Coulter told FOX News on Tuesday that even after the airline tweeted that they would refund her $30 for bumping her out of her assigned seat with extra leg room, she still wants a reason why she got moved in the first place.


“It was before boarding, I had picked out the seat I wanted. I was in the waiting area, the boarding area, for 90 minutes,” said Coulter. “And then as I was boarding, the ticket agent snatched the ticket out of my hand and said, ‘No, we’ve given you a different seat.’ And I said ‘Why?’, and she said ‘Emergency.’”


Coulter later tweeted out a picture of the young female who took her spot and said that she was not “sickly,” elderly, or in the military.


Arthur Wolk, an aviation law expert, says what happened to Coulter is just another example of an industry “that has been allowed to consolidate such that the new mega airlines have no regard for their passengers nor even the contract that they enter when a passenger buys a ticket and pays in advance for enhanced seating.”


“The arrogance of some of the staff is a function of a system that treats people like cattle and does not appreciate that without paying passengers there is no airline.

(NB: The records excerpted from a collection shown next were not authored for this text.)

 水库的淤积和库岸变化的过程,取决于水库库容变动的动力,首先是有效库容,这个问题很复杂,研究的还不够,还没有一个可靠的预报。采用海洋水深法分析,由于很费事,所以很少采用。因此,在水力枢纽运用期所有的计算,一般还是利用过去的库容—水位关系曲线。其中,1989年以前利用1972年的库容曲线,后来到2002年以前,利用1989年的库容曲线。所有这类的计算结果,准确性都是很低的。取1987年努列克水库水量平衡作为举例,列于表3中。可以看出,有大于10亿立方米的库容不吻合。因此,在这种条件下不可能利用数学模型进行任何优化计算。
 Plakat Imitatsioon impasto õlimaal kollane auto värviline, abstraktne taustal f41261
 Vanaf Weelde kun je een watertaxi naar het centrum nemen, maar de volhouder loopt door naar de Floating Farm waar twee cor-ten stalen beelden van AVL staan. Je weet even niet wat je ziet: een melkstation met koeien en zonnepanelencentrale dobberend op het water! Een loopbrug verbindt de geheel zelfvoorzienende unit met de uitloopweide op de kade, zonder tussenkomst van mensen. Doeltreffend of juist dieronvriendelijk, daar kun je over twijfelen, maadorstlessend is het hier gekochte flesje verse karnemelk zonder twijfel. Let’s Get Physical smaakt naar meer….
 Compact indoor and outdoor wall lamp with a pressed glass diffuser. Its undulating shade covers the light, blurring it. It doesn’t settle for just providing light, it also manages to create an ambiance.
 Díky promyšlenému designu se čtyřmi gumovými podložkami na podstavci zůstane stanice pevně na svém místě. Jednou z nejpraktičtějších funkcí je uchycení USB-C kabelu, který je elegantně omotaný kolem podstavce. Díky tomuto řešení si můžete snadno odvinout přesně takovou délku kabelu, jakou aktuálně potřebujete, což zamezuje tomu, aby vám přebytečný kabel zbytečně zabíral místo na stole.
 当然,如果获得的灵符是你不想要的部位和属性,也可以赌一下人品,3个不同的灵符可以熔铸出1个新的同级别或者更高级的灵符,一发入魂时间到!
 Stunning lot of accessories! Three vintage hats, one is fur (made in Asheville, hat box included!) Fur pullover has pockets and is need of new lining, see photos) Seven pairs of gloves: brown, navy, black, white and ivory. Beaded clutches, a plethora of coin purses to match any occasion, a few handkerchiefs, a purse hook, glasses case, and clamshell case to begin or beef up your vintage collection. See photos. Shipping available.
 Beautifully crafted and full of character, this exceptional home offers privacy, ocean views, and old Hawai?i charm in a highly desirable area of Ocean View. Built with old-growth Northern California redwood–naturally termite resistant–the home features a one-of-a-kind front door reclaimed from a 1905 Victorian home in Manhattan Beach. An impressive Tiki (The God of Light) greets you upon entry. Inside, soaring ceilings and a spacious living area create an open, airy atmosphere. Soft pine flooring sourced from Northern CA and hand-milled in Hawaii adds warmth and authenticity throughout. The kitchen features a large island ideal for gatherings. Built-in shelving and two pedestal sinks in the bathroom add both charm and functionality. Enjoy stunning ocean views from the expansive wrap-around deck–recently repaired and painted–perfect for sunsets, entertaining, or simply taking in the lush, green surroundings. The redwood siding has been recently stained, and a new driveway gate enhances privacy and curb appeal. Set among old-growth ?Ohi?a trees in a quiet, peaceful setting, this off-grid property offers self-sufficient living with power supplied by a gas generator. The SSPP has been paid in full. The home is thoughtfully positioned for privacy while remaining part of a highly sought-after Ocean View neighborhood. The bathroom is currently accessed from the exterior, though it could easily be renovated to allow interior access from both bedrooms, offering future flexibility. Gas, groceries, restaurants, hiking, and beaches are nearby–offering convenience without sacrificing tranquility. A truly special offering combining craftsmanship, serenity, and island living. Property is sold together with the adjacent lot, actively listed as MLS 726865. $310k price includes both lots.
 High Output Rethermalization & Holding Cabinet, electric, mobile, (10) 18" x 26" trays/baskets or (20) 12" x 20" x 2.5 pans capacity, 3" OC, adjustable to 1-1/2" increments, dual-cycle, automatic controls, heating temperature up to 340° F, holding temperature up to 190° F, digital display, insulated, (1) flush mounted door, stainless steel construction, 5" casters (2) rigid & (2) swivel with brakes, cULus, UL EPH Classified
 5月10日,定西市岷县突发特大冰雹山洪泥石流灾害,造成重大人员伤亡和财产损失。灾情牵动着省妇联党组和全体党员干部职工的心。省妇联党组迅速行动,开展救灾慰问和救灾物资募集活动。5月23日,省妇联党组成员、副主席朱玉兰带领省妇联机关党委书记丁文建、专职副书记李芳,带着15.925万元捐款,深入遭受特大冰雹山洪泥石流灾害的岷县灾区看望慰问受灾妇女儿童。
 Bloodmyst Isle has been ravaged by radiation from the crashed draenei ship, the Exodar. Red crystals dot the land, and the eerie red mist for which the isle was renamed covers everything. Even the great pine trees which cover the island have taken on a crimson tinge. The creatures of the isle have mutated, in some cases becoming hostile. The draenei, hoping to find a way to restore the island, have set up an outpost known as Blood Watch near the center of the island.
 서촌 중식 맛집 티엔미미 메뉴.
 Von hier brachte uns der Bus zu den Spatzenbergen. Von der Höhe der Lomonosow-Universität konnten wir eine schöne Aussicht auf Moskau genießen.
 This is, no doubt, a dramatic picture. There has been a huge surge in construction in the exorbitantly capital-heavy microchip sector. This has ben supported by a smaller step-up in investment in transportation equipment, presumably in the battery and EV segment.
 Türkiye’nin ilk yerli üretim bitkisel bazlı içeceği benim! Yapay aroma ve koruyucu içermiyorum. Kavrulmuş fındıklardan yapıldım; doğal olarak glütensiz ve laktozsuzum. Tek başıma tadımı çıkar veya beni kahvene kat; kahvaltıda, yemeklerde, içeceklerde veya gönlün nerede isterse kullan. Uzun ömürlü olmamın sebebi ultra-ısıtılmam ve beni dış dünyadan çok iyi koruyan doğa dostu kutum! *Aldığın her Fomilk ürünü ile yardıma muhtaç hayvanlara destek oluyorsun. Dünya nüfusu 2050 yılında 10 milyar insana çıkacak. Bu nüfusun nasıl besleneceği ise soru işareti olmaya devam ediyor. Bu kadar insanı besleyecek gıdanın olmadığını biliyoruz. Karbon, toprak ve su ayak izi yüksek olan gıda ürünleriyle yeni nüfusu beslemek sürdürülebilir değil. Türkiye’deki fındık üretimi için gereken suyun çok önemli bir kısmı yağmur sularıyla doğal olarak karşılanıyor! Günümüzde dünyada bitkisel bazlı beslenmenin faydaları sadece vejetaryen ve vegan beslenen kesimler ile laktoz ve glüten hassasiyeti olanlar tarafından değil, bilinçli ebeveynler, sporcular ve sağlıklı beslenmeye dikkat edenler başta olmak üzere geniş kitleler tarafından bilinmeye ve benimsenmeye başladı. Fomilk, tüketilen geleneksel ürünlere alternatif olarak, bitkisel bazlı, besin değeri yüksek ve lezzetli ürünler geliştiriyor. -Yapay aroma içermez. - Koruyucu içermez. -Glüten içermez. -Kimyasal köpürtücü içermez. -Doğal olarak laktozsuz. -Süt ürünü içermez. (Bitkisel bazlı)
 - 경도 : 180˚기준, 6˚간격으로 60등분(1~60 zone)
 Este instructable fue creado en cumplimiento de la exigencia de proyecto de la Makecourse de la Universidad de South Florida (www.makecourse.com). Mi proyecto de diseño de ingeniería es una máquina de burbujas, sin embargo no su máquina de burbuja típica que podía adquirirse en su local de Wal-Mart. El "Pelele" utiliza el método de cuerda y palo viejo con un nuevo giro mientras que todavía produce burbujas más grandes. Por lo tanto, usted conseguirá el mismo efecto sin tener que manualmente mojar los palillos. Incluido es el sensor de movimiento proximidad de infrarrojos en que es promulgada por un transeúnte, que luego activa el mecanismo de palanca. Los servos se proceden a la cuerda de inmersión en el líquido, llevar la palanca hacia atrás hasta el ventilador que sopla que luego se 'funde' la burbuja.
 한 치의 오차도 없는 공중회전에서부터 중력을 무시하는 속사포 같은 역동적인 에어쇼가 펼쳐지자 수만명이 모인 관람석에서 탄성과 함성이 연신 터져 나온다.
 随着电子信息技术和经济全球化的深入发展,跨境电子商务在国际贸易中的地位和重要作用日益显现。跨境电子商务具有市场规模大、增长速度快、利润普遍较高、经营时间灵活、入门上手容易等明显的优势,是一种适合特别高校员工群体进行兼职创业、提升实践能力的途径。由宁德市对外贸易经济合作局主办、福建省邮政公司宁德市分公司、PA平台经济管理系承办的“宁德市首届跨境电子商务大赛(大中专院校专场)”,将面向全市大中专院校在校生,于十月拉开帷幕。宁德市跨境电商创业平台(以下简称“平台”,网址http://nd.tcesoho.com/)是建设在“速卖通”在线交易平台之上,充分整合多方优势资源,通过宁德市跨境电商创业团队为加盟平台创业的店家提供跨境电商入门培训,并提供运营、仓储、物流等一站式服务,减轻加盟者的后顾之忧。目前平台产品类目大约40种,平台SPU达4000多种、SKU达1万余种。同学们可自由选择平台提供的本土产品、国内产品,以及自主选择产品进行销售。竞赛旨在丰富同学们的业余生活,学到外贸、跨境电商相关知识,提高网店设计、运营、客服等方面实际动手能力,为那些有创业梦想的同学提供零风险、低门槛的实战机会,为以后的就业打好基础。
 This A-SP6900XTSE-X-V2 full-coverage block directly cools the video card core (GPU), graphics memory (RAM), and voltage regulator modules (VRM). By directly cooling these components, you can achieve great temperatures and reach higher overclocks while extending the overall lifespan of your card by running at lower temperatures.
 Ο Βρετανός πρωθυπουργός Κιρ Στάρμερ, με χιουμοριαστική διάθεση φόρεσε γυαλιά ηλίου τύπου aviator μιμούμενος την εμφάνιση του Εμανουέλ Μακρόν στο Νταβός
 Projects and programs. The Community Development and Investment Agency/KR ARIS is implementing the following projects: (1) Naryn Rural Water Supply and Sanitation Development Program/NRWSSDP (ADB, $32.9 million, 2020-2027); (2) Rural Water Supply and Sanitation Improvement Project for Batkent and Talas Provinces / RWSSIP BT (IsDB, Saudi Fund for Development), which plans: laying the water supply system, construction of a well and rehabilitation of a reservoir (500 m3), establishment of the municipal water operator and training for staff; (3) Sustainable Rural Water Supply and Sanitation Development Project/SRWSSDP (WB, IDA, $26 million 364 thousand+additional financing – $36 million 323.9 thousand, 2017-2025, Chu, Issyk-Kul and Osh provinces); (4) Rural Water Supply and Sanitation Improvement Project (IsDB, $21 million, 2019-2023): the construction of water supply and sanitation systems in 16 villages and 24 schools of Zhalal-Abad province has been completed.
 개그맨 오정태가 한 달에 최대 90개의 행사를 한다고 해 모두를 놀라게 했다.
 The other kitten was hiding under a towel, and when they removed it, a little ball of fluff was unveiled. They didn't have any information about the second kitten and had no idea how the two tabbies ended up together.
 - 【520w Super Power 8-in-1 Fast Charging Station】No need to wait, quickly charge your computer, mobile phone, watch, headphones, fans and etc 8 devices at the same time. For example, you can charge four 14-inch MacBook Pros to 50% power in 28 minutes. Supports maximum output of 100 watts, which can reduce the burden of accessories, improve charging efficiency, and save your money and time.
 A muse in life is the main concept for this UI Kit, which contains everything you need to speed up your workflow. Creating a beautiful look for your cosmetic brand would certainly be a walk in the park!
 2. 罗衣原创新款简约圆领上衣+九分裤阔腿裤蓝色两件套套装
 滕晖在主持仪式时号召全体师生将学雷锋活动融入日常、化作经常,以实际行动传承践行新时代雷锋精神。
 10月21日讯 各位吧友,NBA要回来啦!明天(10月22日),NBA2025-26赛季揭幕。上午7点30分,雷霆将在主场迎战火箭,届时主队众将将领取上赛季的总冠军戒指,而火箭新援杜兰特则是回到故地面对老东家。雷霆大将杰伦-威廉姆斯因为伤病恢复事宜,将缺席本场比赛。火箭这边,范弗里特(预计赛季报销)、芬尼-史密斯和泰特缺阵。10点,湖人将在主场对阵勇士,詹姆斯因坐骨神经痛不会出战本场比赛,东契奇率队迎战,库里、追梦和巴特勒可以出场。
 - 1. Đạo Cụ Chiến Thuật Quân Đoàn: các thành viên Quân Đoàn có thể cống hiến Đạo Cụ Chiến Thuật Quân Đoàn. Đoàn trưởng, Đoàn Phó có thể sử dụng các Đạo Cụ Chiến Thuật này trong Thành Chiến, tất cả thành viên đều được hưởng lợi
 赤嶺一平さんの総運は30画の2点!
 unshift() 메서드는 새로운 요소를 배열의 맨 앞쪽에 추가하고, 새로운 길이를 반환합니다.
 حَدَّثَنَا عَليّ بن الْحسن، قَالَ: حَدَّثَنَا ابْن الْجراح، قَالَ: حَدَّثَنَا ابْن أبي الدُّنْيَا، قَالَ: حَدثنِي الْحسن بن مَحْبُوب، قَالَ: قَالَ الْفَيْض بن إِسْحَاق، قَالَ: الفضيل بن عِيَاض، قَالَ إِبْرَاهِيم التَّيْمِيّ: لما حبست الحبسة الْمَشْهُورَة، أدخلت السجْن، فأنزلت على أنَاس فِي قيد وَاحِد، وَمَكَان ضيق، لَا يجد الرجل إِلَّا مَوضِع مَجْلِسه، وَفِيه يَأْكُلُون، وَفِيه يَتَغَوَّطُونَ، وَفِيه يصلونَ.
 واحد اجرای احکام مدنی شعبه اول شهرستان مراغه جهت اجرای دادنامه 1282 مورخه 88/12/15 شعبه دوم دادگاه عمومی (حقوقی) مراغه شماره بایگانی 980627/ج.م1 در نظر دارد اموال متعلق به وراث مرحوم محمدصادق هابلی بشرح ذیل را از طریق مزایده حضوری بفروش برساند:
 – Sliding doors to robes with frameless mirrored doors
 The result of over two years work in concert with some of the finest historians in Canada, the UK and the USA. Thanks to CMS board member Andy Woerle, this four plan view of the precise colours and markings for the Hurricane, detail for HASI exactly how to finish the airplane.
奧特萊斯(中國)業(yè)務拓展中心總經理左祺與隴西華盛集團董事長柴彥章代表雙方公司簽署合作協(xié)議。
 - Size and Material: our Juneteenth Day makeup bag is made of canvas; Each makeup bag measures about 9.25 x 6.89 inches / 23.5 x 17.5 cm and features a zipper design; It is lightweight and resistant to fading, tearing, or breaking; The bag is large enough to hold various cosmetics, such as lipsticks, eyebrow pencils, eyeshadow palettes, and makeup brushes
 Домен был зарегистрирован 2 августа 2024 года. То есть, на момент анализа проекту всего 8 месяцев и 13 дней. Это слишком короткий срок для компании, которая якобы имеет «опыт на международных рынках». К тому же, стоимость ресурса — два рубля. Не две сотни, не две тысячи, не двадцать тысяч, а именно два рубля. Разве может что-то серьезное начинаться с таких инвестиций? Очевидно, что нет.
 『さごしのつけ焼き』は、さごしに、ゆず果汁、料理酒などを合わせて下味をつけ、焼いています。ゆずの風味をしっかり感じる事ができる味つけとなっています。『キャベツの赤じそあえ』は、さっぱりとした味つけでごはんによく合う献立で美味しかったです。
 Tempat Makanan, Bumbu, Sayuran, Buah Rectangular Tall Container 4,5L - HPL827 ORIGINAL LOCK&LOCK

The government regulators have permitted airlines to monopolize popular destinations, cut flights so that aircraft are almost always full or beyond full with overbooking and then enforce no basic service requirements until a legislator or public figure gets abused or someone is needlessly injured,” Wolk tells FOX Business.

However Brian Kelly, travel expert and founder and CEO of The Points Guy, an online travel website, tells FOX Business that the switcheroo “was not that big of a deal.”

“It seemed like a computer glitch. [Ann Coulter’s] reaction was inappropriate. She was asked to move two seats over and had the same amount of leg room,” Kelly tells FOX Business.


Kelly adds that while Delta could have been a “little bit more professional” on how they handled the situation by not getting emotional in tweets back at Coulter, travelers overall need to be more flexible when flying.

“According to airline contracts, they can move you. A gate agent can move you any time they want. People need to understand this and be flexible,” Kelly says.

But Coulter isn’t backing down. On Monday, she tweeted one-day stock chart comparisons from Monday’s session for Delta (NYSE:DAL) vs. JetBlue (NASDAQ:JBLU).

Both stocks were trading slightly lower in early trade on Tuesday.